Related to the topic of this thread, the Bitcoin Core wallet is about to add an RPC to backup a wallet’s descriptors and related information. See https://github.com/bitcoin/bitcoin/pull/32489. I’m unsure how much overlap there is with this effort, but it’s about achieving the same goal: backing up all private-but-not-secret information related to the wallet of a user.
In the meantime, I’ve “played” with a C implementation of this BIP draft, I wanted to check how hard it should be to implement in bitcoin core and I figure out something: it seems there is actually no dependency in core for AES-GCM-256, while there is already usage of CHACHA20 so i’m wondering if we should not use CHACHA20 as default encryption algo? (I’ll cross-post to delving)
I’d like to get feedback about changing the default encryption algo from AES-GCM => CHACHA20, I’m really thinking having this implemented in core should be a trong plus, and I dant think it worth to add new dependencies only for that purpose.
The secret vs private distinction is a great framing and I think it’s going to change how people think about descriptor backup burden.
However, I still think about two things:
The availability problem feels not addressed.
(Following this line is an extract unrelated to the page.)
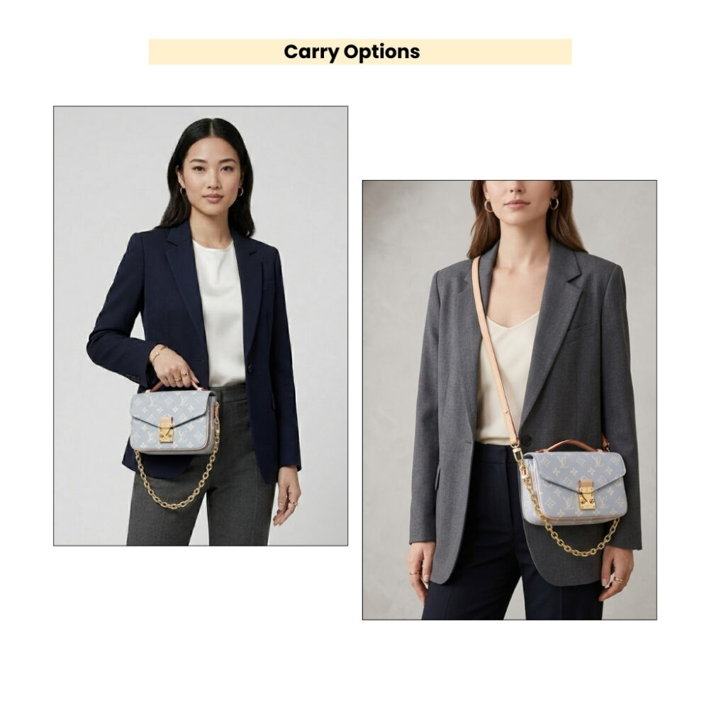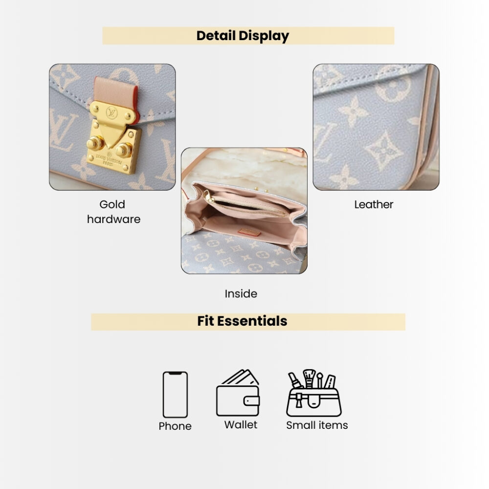 - Made from Coated canvas with natural-leather trim and the S-lock signature, the Pochette Métis East West bag combines emblematic House cues with new contemporary details like a gold-color chain for fashionable short-shoulder carry. Roomy enough to store a smartphone, it has three inside compartments, a zipped pocket inside, and another outside.

Google deletes inactive accounts. Nostr relays drop data whenever they feel like it. Email providers get acquired. The person who stored 5 copies at wallet creation has no way to know any of them survived without actively checking, which most people won’t do. Confidentiality and durability are separate properties and only one of them is solved here.
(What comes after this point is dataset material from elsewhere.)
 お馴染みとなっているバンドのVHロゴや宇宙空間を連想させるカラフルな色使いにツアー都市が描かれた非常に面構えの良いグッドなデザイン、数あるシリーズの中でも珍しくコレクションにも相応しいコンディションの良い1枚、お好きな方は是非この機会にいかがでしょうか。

The inheritance path also seems to assume the heir holds an xpub, which means they were a cosigner or the owner handed them key material before dying, which is kind of the hard part of inheritance anyway. The dead man switch email workaround is honest about this gap but reintroduces exactly the centralised dependencies the encryption scheme eliminates elsewhere.
Questions I don’t have an answer to are:
Is there a way to provide durability guarantees that are enforced by something other than user discipline?
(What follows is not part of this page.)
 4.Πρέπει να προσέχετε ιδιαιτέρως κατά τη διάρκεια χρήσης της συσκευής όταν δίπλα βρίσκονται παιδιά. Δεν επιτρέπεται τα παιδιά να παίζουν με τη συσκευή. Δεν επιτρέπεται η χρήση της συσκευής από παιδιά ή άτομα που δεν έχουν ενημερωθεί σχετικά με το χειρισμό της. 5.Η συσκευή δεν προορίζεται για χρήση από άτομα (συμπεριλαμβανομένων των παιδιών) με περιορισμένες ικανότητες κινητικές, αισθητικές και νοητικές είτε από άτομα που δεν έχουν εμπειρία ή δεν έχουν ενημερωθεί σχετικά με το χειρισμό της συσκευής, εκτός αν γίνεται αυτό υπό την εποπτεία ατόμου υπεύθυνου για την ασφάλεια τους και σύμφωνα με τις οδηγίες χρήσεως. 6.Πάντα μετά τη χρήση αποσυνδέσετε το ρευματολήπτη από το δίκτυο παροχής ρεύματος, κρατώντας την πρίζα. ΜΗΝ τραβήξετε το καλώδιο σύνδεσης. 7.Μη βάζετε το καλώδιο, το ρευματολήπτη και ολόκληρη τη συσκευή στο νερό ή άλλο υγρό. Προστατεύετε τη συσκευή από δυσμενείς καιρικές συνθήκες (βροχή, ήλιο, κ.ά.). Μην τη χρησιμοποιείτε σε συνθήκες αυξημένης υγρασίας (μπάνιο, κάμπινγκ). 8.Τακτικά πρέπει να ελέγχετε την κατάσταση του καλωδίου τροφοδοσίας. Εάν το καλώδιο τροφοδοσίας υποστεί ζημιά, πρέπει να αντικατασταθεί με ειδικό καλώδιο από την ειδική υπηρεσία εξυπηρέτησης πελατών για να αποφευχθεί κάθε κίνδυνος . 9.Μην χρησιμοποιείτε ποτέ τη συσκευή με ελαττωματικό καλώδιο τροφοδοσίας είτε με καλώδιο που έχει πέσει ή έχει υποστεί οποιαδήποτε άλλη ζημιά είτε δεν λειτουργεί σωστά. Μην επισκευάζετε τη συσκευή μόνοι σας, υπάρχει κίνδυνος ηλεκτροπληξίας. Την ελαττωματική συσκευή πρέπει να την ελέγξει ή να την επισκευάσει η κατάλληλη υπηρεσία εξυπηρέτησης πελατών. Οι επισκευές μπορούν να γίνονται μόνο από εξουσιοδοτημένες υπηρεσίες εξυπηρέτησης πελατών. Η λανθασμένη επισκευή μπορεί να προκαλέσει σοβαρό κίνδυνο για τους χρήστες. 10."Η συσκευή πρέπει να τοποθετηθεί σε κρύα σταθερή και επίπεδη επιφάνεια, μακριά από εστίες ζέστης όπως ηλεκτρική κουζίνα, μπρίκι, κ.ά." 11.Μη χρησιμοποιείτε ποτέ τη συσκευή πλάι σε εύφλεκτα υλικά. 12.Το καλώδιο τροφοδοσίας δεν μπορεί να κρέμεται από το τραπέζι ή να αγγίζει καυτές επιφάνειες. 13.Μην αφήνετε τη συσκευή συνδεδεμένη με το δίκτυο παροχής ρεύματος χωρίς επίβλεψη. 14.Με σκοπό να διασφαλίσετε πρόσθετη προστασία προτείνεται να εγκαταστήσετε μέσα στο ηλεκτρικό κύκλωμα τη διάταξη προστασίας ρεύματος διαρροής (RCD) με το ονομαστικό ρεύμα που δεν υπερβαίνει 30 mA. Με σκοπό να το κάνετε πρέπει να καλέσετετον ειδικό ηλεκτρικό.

What’s the right primitive for heirs who hold no key material at all?
You are correct on both points: this scheme makes no attempt to solve the availability problem, nor guaranteeing the correct key discipline for inheritance and other use cases. I think those have to be addressed on other layers.
I would disagree that the availability problem is hard to solve, though. Computers are really good at storing and copying things. While it’s true they aren’t very good at holding on to things for a very long time, that problem is solved with enough redundancy.
People seem to disagree and proposed solutions like OP_RETURNs or inscriptions as a guaranteed backup – but i don’t think that’s necessary, and ultimately it will likely become too expensive anyway.
Ensuring correct key management from the involved cosigners (especially heirs) is definitely the hardest nut to crack for adoption.
For non-technical people, I tend to think that ‘assisted self-custody with custodial fallback’ is the most reasonable and technologically approachable solution. That is, they are in self-custody (and during that time, a non-custodial service can provide reminders about coin refresh and key management); but if all else fails, after a long enough time-frame, some moderately-trusted third party gets access to the funds. At least trust is only required in case of complete failure, rather than in the normal scenario.
Fair point. Tools already exist to automate replication across multiple providers, and if that gets built into standard software it probably handles most of the availability problem without needing dedicated infrastructure.
Where I keep landing is one step further though. Even with perfect replication, the heir still has to find and access those copies under stress, possibly years after the owner’s accounts went inactive. I think that’s a coordination problem on the recovery side that feels separate from the storage side.
Is the custodial fallback your answer to that too, or do you see that as a different layer entirely?